Senior managers who learned QFD decades ago can and do respond to improvements.
Here are ways to help:

  1. Encourage your boss to take the QFD White Belt® Course. This seminar is designed for senior managers and executives who do not need to know specific QFD techniques nor become a hands-on expert. It introduces them to the benefits that QFD can bring to a customer-driven organization. The QFD White Belt® course is typically scheduled at your company to accommodate busy executives.
  2. Show a quick "win" by tackling small project. Use Blitz QFD® first to address what matters most to customer. Promise to follow up with a House of Quality afterwards. These mini grids in the Blitz QFD® will be your fast tools for grasping the most challenging, fuzzy front-end of customer needs analysis. The Blitz QFD® tools are taught in the QFD Green Belt® course, which includes the free templates for Modern QFD, including Customer Voice table, AHP, Maximum Value table, and a modernized House of Quality with correct math.
  3. ISO 16355 Compliance. This standard details with examples the best practice of QFD, including the correct situation and method to use a House of Quality. It identifies deployments for physical products, services (including healthcare), software and information systems, and internal business processes.

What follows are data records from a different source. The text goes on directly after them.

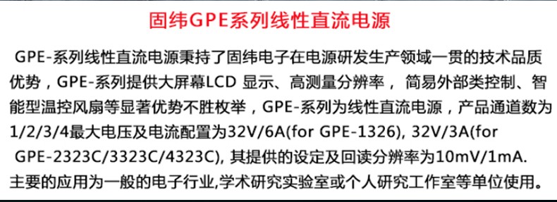 本網(wǎng)頁所展示的有關(guān)【GPS4303C直流穩(wěn)壓電源固緯】的信息/圖片/參數(shù)等由的會員【固緯-深圳柏萊科技有限公司 】提供,由柏萊儀器網(wǎng)-專業(yè)銷售儀器儀表服務商-深圳柏萊科技有限公司會員【固緯-深圳柏萊科技有限公司 】自行對信息/圖片/參數(shù)等的真實性、準確性和合法性負責,本平臺(本網(wǎng)站)僅提供展示服務,請謹慎交易,因交易而產(chǎn)生的法律關(guān)系及法律糾紛由您自行協(xié)商解決,本平臺(本網(wǎng)站)對此不承擔任何責任。您在本網(wǎng)頁可以瀏覽【GPS4303C直流穩(wěn)壓電源固緯】有關(guān)的信息/圖片/價格等及提供 【GPS4303C直流穩(wěn)壓電源固緯】的商家公司簡介、聯(lián)系方式等信息。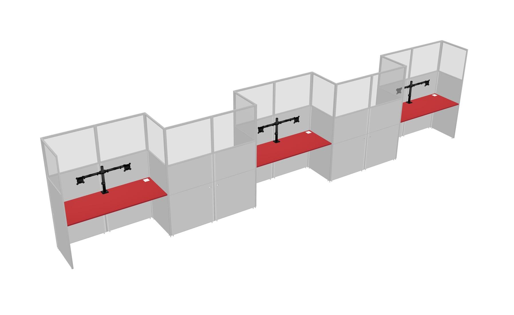 Prism Red Rectangular Cubicle Workstations For 5 - Zigzag Formation
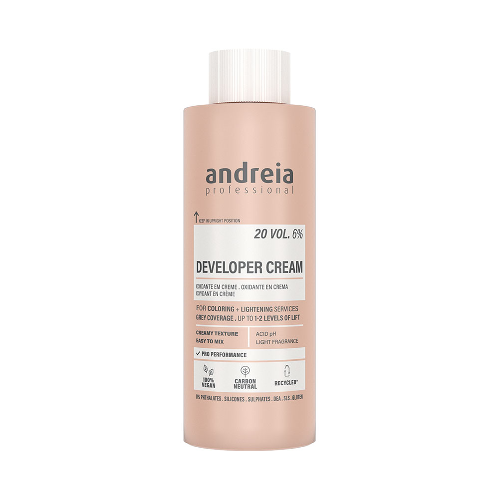 Die vegane DEVELOPER CREAM von Andreia Professional ist unverzichtbar für professionelle Colorationen und Blondierungen. Frei von tierischen Inhaltsstoffen sorgt die cremige Textur für einfaches Mischen, geschmeidiges Auftragen und gleichmäßige Ergebnisse – für leuchtende Farben und präzise Aufhellung. Der saure pH-Wert trägt dazu bei, das natürliche Gleichgewicht und die Gesundheit des Haares während des chemischen Prozesses zu bewahren.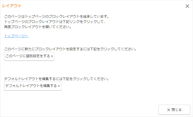「このページはトップページのブロックレイアウトを継承しています。」のメッセージ表示

    ISO 16355-1:2015 was released in December 2015. Parts 2, 4, 5, and 8 are in pre-publication phase and expected by the end of 2016 or early 2017. The remaining parts should follow soon after.

    Quality professionals including Six Sigma, Lean Sigma, DfSS, and DfLS are uniquely qualified to implement this standard. Many of the methods and tools you use to improve your internal operations can now be re-purposed to improve your customer's operations and products. This shifts the financial impact from cost reduction to revenue creation, an almost unlimited opportunity. The QFD Institute public and in-house training details how to comply with the ISO 16355, while leading your project teams in their product/business development and DFLS/DFSS with the best tools for their purposes and correct steps.

The above steps will demonstrate that QFD "by-the-book" is rarely a workable approach in a modern business. While online tutorials, videos, and templates may look easy to follow, experience tells us that without the context and nuance of your company, your products, and your customers, this by-the-book QFD will yield lackluster, not blockbuster results.

Your real market opportunity costs and resource commitments far outweigh free downloads and one-size-fits-all templates.

Should a House of Quality still be required by your boss, please consider the following:

  1. The House of Quality matrix is constructed of WHYs and WHATs (not Whats and Hows).
  2. No priorities can be derived until the entire matrix is completed.
  3. The ordinal scale math (virtually all book examples use this bad math) is incorrect and skews the priority calculations, making invalid your downstream analysis and deployment.
  4. The House of Quality addresses only two design dimensions. Additional matrices are required to complete the QFD study whenever you use the House of Quality -- even though none of the QFD book authors mention this important fact.

Finally, in this age of Lean Thinking and constrained resources, doesn't it make more sense to get a quick start on innovating solutions to key customer needs by first using Blitz QFD®?

As projects change in scope, resources get reassigned, competitors disrupt our best plans, and technologies evolve, what our bosses really need is an agile approach to new product development.